The lines to transcribe begin with the one containing "主な使用楽器:鍵盤ハーモニカ" and end with the last line below; reproduce them exactly, without the pictures.

(INFORMATION SUPPLIED Opens)

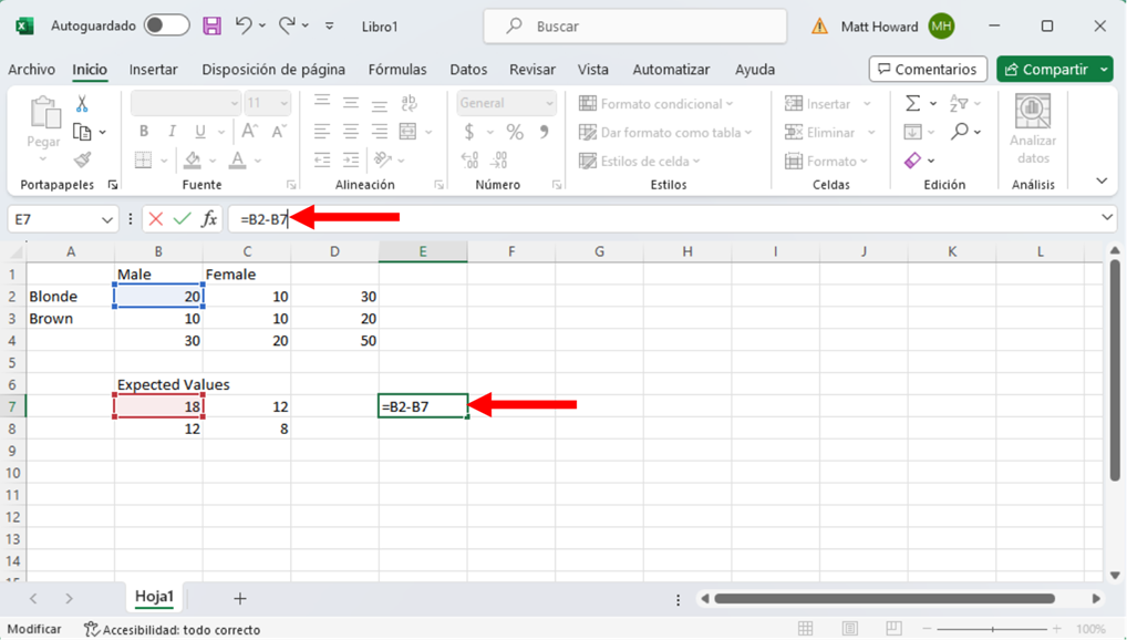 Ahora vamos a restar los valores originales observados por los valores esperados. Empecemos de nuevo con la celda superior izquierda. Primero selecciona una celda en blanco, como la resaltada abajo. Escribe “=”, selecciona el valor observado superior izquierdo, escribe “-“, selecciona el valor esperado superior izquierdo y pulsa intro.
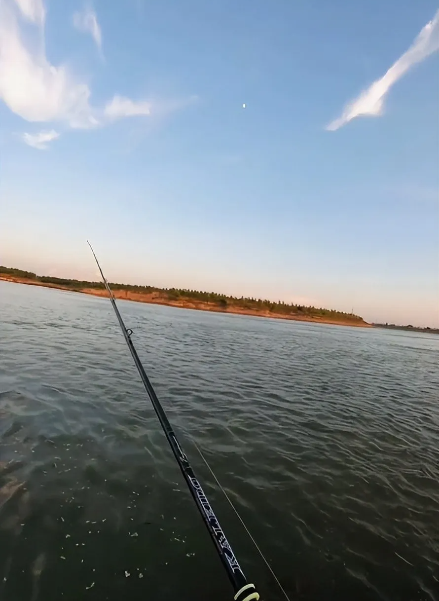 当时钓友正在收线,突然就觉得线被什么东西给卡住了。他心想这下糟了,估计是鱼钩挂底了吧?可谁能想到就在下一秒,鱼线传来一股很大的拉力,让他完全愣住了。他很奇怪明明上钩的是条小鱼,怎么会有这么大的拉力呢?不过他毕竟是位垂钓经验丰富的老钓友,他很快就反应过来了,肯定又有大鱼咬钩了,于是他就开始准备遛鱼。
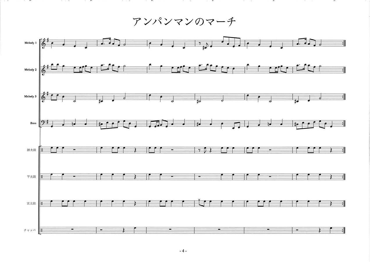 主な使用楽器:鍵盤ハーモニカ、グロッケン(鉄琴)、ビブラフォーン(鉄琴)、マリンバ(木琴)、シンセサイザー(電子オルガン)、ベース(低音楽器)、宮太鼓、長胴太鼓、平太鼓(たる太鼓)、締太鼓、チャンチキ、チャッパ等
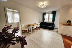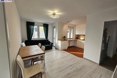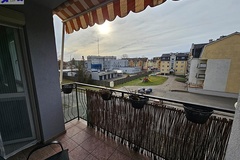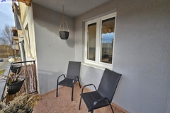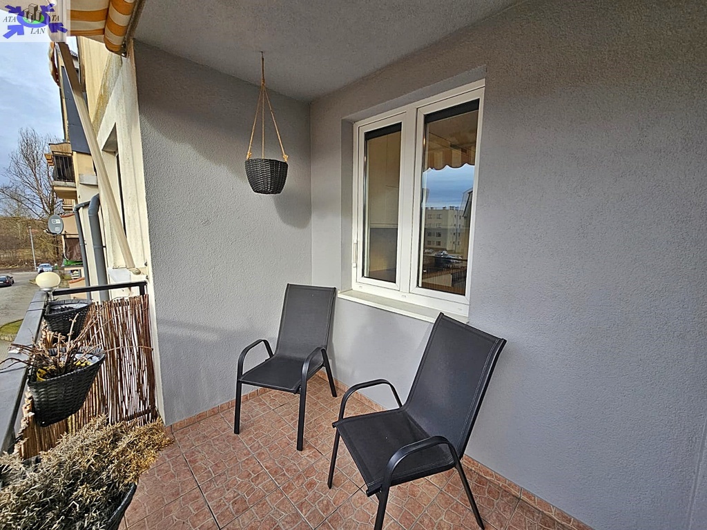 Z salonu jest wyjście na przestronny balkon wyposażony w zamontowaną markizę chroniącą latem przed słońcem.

(INFORMATION SUPPLIED Closes)

### YOUR SOLUTION
 主な使用楽器:鍵盤ハーモニカ、グロッケン(鉄琴)、ビブラフォーン(鉄琴)、マリンバ(木琴)、シンセサイザー(電子オルガン)、ベース(低音楽器)、宮太鼓、長胴太鼓、平太鼓(たる太鼓)、締太鼓、チャンチキ、チャッパ等
 Z salonu jest wyjście na przestronny balkon wyposażony w zamontowaną markizę chroniącą latem przed słońcem.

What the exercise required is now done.